I think it could, however, it would require a number of mechanics changes.  For one, little piles of ammo, guns and grenades would be out.  As would the unlimited ammo pistols.  We wouldn’t have to remove guns, but we would absolutely need to slim down the supply of them.  We’d also need to add in melee weapons, real ones, not just pushing zombies back with your gun, but bats and shovels and other things.  Each melee item would have a power rating and a weight, swinging one would cause you to get tired.  The more you swing, the slower you swing, unless you rest up.  These things combined would allow for the encounters with slow zombies to be more tense.  If you have unlimited ammo, you can just shoot them all and walk your way to the end (if you have never seen the remake of Night of the Living Dead, one of the major changes from the original is Barbara actually putting to use the idea of “they are just so slow, you could walk right past them” and she leaves the house on her own with a pistol and walks to safety while everyone else dies inside the house), while the “tired bar” makes you sometimes choose to use your limited ammo over your melee weapon in order to survive.  The game would also need more “monster closets”, because as is Left 4 Dead avoids the monster closet by having hordes of zeds randomly show up climbing over fences and whatnot.  In order to maintain a level of creep and dread with slow zombies, you’d have to play up the idea that meeting them in large numbers is dangerous by occasionally forcing the players to deal with large numbers of them… open a door and wham, twenty five zombies are in that room you need to walk through.  Oh, and all zombies must be killed by removing the head or destroying the brain, shooting one in the leg just makes him limp when he walks, shooting both just makes him drag himself along the ground.  Did I not mention you’d need to watch out for zombies pulling themselves around at ankle level?  In fact, the game might be more focused on avoiding the zombies instead of Left 4 Dead’s plow through attitude.

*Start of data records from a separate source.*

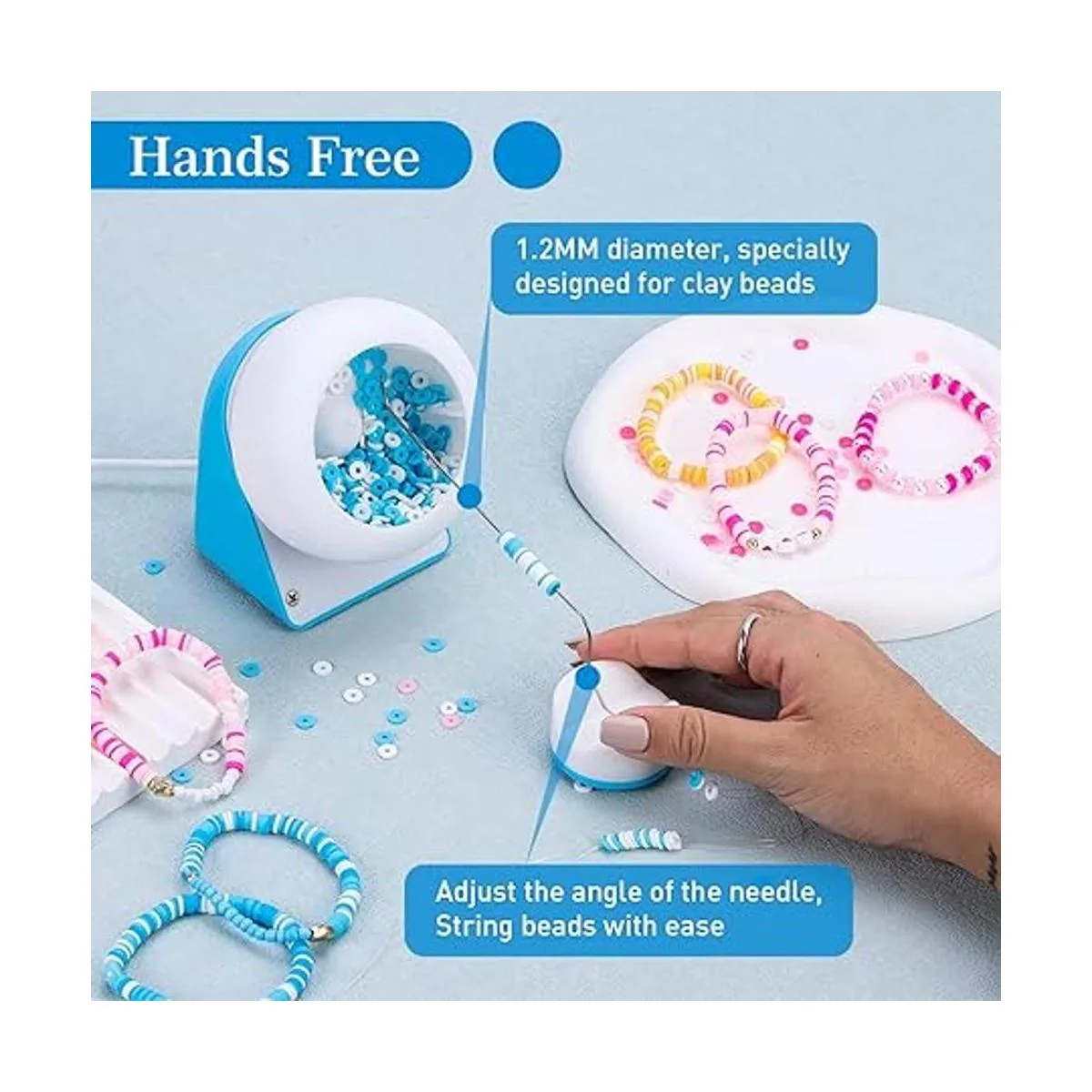 Fácil operación: simplemente ajusta el ángulo del cuenco y la base de la aguja, puedes liberar tus manos y esperar a que la máquina se abalore automáticamente. Viene con un cable USB de 4.6 ft, lo suficientemente largo como para usar en cualquier lugar. Puedes obtener fácilmente la habilidad de cuentas consultando las instrucciones o videos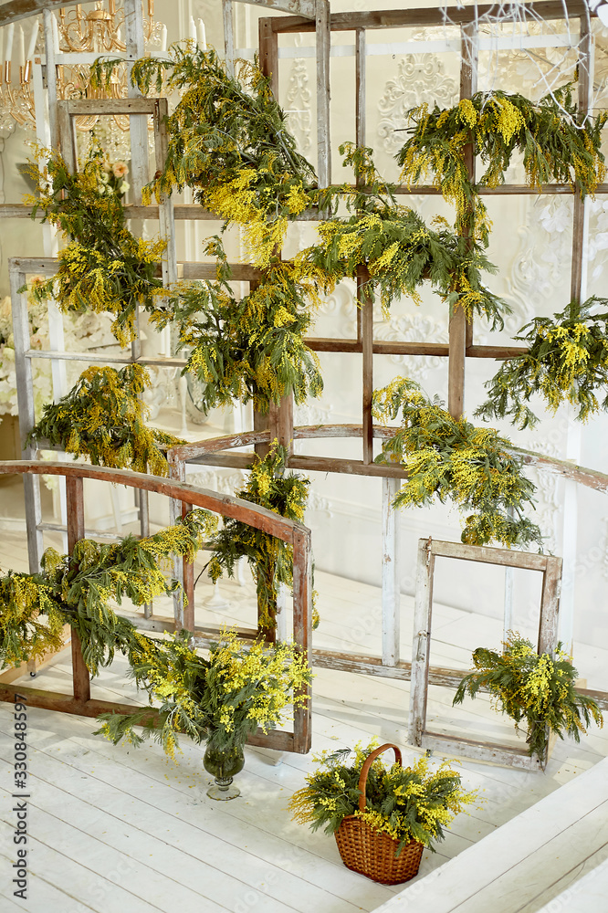 Floral decor. Screen made of wooden frames decorated with Mimosa.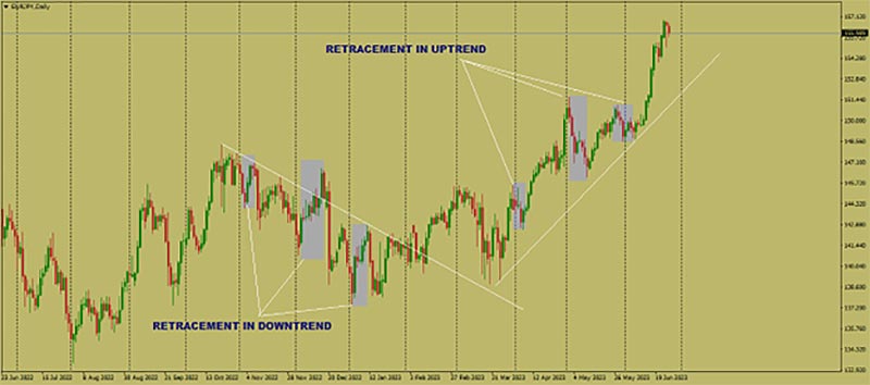 The chart below shows the EURJPY on the Daily time frame, we can see clearly that as the market moves in a down trend there are times when it shifts in a bullish fashion, these are call retracements or pullbacks, the same thing is identified when it’s moving in a bullish or uptrend, we also see that there are downwards retracements that occur before it continues in the original direction. These retracements when viewed on the lower time frame can be seen as a normal trend if one just views only that time frame.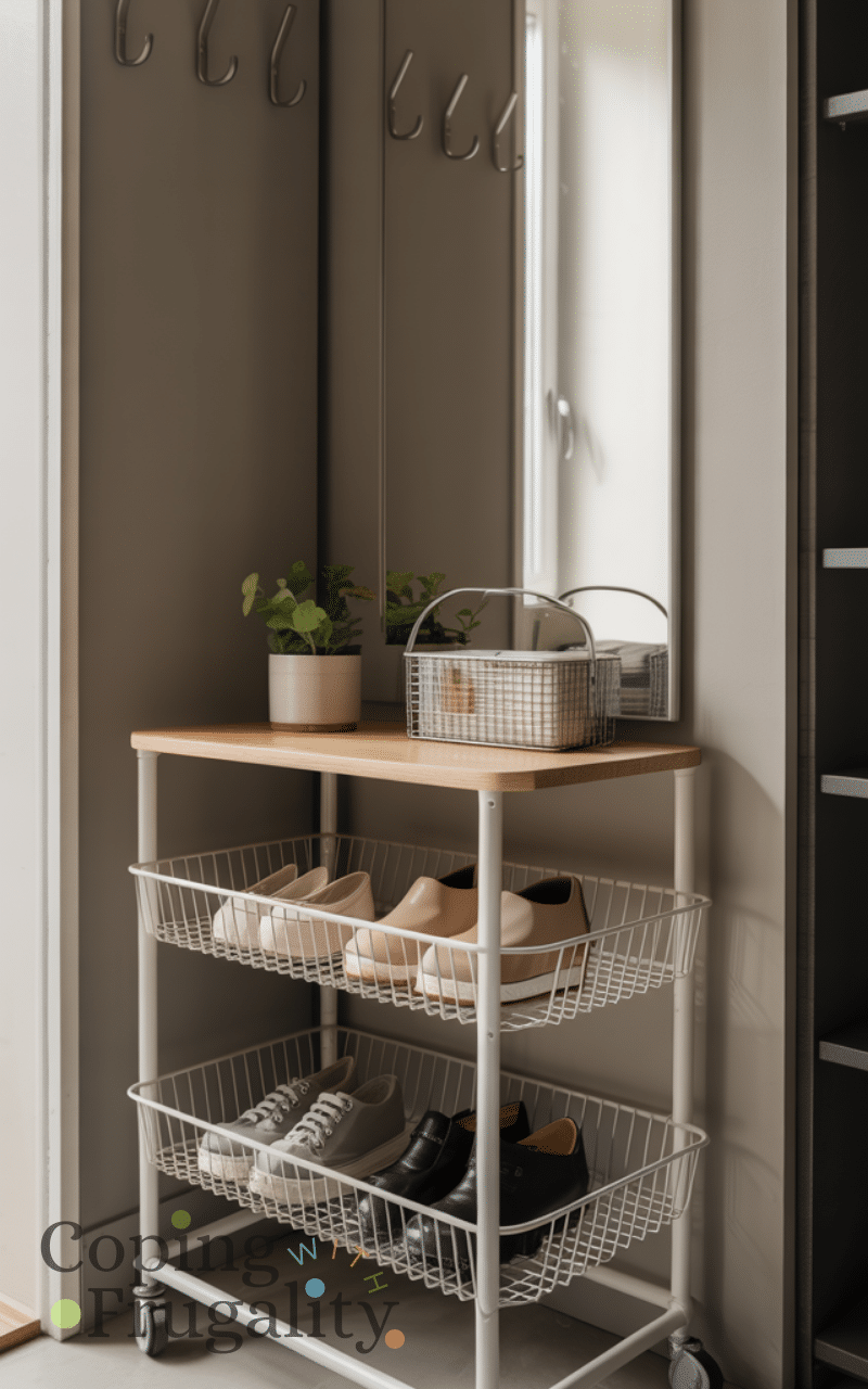 A rolling cart offers flexible entryway shoe storage ideas on a budget for small spaces. You can tuck it away when not in use and roll it out when needed. These carts are affordable and easy to move, making them great for apartments. Each tier can hold several pairs of shoes while keeping everything organized and accessible.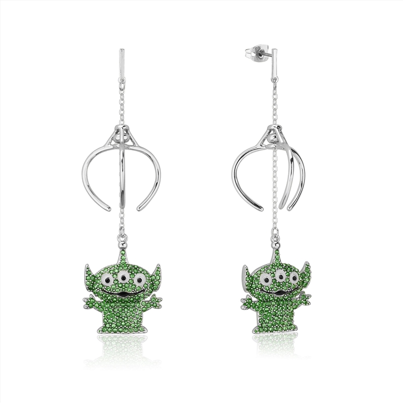 Title: Disney Pixar Toy Story Alien Crystal Claw Drop Earrings - Silver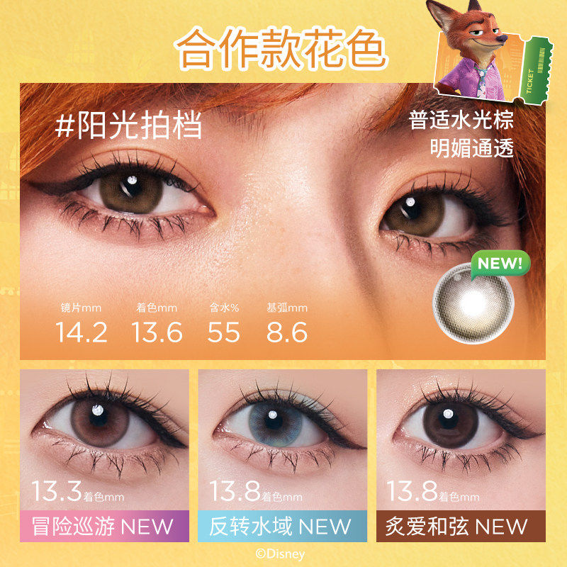 moody美瞳月抛疯狂动物城2合作冷泡乌龙茶彩色隐形眼镜2片
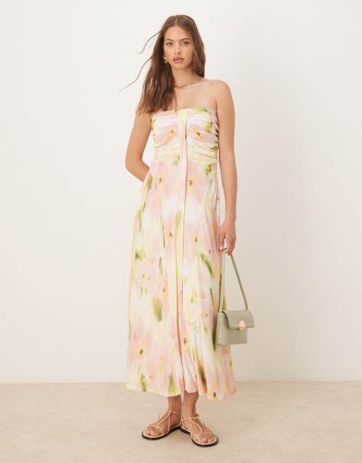 ASOS DESIGN - Midi bandeau-jurk met rok met godetplooien in gevlekte bloemenprint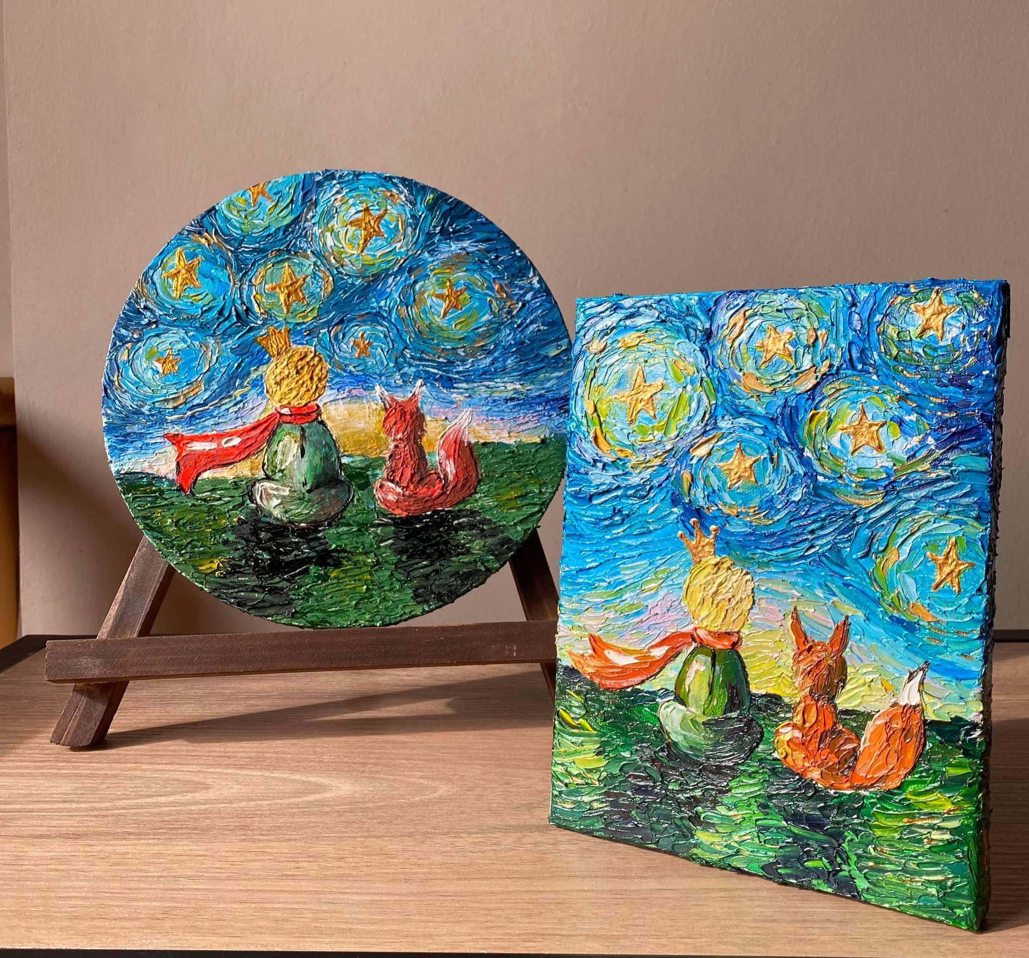 – „პატარა პრინცი“ ჩემთვის გამორჩეული ნამუშევარია, დღეს ის ძალიან კარგ ადამიანთან ცხოვრობს. ის ხომ ყველასათვის საყვარელი პერსონაჟია. ამ ნახატმა შემახვედრა ადამიანს, რომელთან ერთადაც ნამუშევრების განსაკუთრებული სერია შეიქმნა. ჯერჯერობით ისევ ვაგრძელებთ ამ თემაზე მუშაობას და როდესაც დასრულდება, აუცილებლად გაგაცნობთ შედეგს.

While fighting slow zombies might still be made fun, I’m not sure that playing one could be.  You’d stumble around, you’d be slower than the players, and your only method of attack would be to get close enough to grab at them and bit them.  And if the players shot off your legs, you’d essentially be spending the entire rest of the map dragging after them with little hope of catching up.  However, without the obstacle of the special infected running around and keeping the game entirely co-op, you could have infection.  A player who gets bit is infected.  They will die, and they will become a zombie, how fast that happens depends on how badly they get hurt.  The game would have no health bar and include no healing, so that even the infected himself couldn’t warn his teammates.  So the other players in co-op would need to decide… shoot the infect guy now or wait until he turns?  Sure, killing him now makes you safer since you don’t have to worry about him turning, but killing him now also means that you are going to be short one gun or club as you move forward.  You start the game with four and it tunes for four, so if you have to off one of your own, you are down to three playing a map tuned for four.  Or two on map for four… or all by yourself.  To ease the sting of that, I’d probably keep Left 4 Dead’s survivor closets where you can recover a fallen friend, and from map to map within a scenario all players would get put back in.

Slow zombies in a first person shooter could definitely work, but it wouldn’t be the same game at all.